РАБОТА В БОЛЬШОМ ТЕАТРЕ.
Самсон и Далила (продолжение)
Вспоминаю, как в этом действии танцевала знаменитую «Вакханалию» Екатерина Васильевна Гельцер.
Из-за кулис выбегала юная стройная девушка, в хитоне оранжево-красного цвета, ее каштановые, с рыжеватым оттенком волосы были распущены, голова убрана виноградными листьями, в руках она держала виноградную лозу. Она начинала резвиться, играть и шутя танцевать, изображая наивную девочку. Вдруг, вся съежившись, она садилась, на пол и прислушивалась к приближавшимся шагам. Появлялся юноша — еврейский воин. Девушка смущалась и рисовала на песке какие-то знаки. Юноша подходил к ней, тогда она начинала танцевать, сначала медленно, а потом тадец постепенно переходил в страстную пляску, в дикое кружение. Потом начиналась «Вакханалия». В страстном порыве юноша уносил девушку со сцены.
Танец Гельцер отличался ярким артистизмом, предельной выразительностью, темпераментом, экспрессивностью; особенно пластичны и музыкальны были руки. Все ее движения сливались с музыкой. Гельцер была не только танцовщицей, но и артисткой. В то время это перевоплощение в образ и актерская игра в танце были новаторством.
Финал оперы был грандиозен. В разгар веселья входит слепой Самсон, его ведет ребенок. Толпа встречала Самсона насмешками и издевательствами. Далила медленно сходила по ступенькам, подходила к Самсону с чашей в руках и пела ему: «Помнишь ли ты минуты наслаждения?! Помнишь ли ты ласк жгучих упоенье? Тайну твою вырвала я, выдать ее я обещала. Далила отмстила тебе за Дагона, за народ, за униженье».
Я и Верховный жрец направлялись в алтарь. На жертвеннике, убранном цветами, горел огонь. Взяв чаши, мы совершали возлияние. Самсон стоял посреди сцены, подавленный горем, он просил ребенка поставить его между двух колонн. Почувствовав вновь обретенную силу (за долгое время пребывания в тюрьме волосы его выросли), Самсон расшатывал колонны, и храм рушился среди общего крика и уя^аса...
Я люблю петь эти чудесные, певучие арии, так удобно написанные для голоса. Я стою за мелодию в пении.
Опера «Самсон и Далила», к моему большому сожалению, очень недолго продержалась в репертуаре нашего театра.
Начав свою работу в Большом театре в сезон 1916/17 года, я могу С гордостью сказать про себя, что являюсь подлинно советской оперной артисткой, ибо именно с этого великого исторического момента началось мое становление как певицы. Я поняла великое значение революции, поняла, что искусство должно служить народу, поняла ту огромную роль, которая выпала на долю нас, артистов, поняла, какие необъятные горизонты раскрылись перед нами.
Надо было видеть пытливые лица красноармейцев, краснофлотцев, рабочих, школьников, которые восторженно принимали наши выступления, когда мы приезжали к ним с концертами.

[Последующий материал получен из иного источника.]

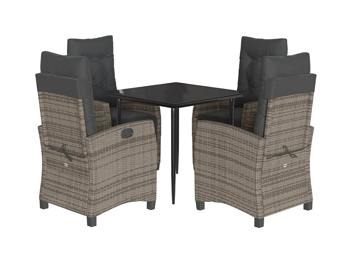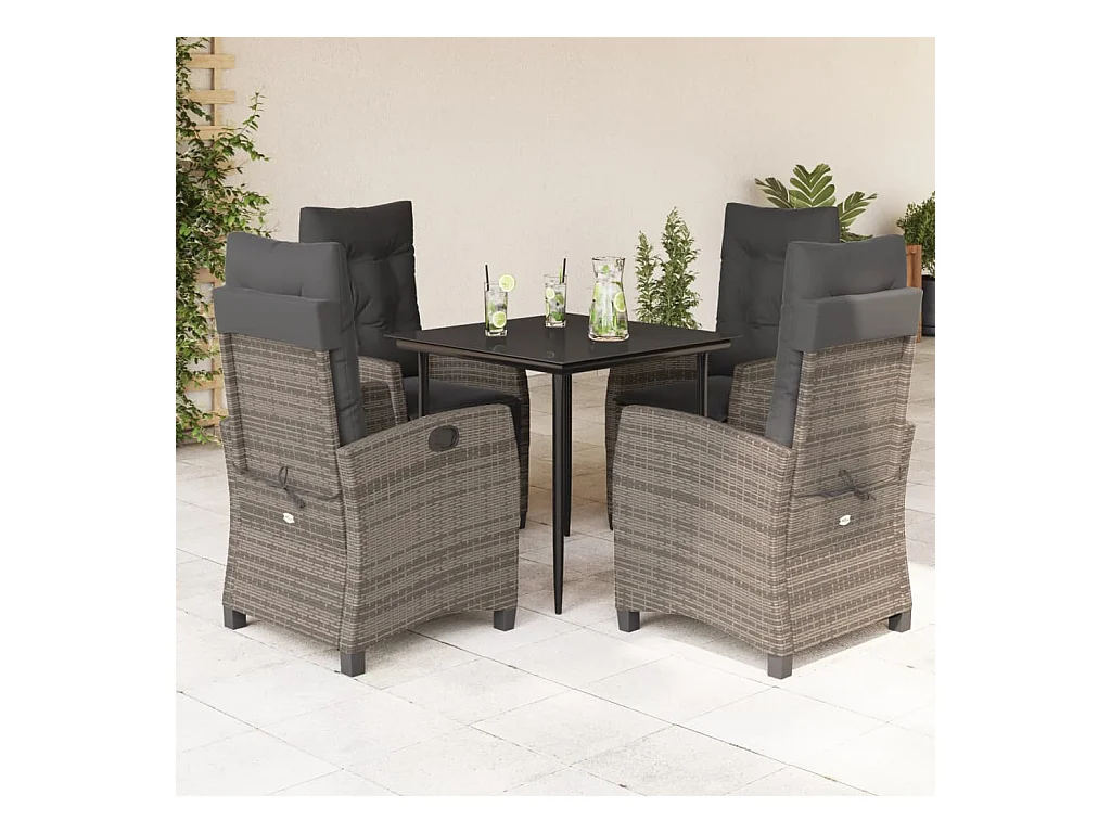 Ensemble à manger de jardin 5 pcs coussins gris résine tressée

В рабочие и воинские аудитории с нами часто ездила А. В. Нежданова. Однажды, во время гражданской войны, мы поехали в казармы со спектаклем «Царская невеста», который пели под рояль. Дирижировал Н. С. Голованов. Спектакль шел в сукнах, без декораций, но с мизансценами, в костюмах и гриме. Красноармейцы слушали нас с увлечением.

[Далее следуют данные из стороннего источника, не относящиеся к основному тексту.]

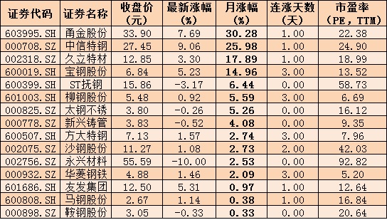 《證券日報》記者根據(jù)同花順數(shù)據(jù)統(tǒng)計后發(fā)現(xiàn),今年以來截至1月14日,鋼鐵行業(yè)指數(shù)累計漲幅漲幅達4.63%,悄然跑贏同期上證指數(shù)2.67%的漲幅。其中,甬金股份、中信特鋼、久立特材、寶鋼股份等4只鋼鐵股,期間累計漲幅均超10%,分別為30.28%、25.98%、17.89%和14.96%,盡顯強勢。
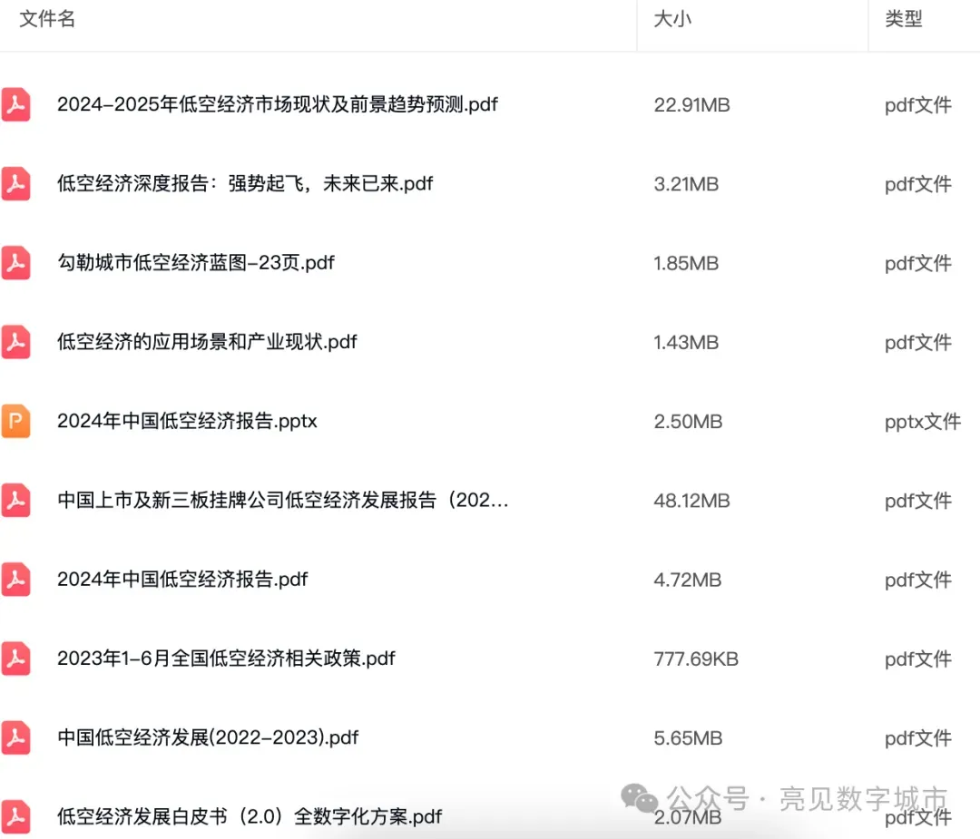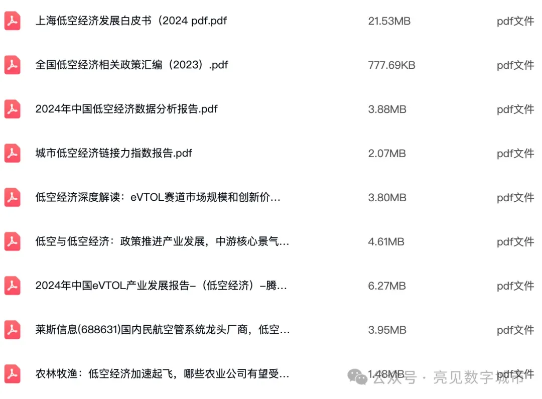 1、点击上方关注“亮见数字城市”公众号,公众号后台回复关键字:“低空经济产业资料参考”,免费获取介绍资料下载(仅限PDF文件)的答复。

Мы работали тогда за «пайки», время было трудное, и мы были счастливы, когда привозили домой буханку хлеба, селедку, патоку...
С большой любовью вспоминаю и мои поездки в детские дома, когда я пела маленьким детишкам песенки из сборника «Ай-ду-ду». Особенно они любили колыбельную песню Гречанинова. Когда я доходила до слов: «Как у котика-кота была мачеха лиха, она била кота поперек живота» в зале неизменно раздавался дружный смех детишек, и мне так радостно было смотреть на веселые детские личики.
Участвуя в перестройке театра, я твердо верила в то, что смогу продолжать на сцене реалистические традиции в оперном искусстве, заложенные Неждановой, Собиновым и Шаляпиным, отражать в своем творчестве подлинную жизнь.
Мы, «артисты, включились в большую работу. С большим энтузиазмом я стала разучивать новые партии.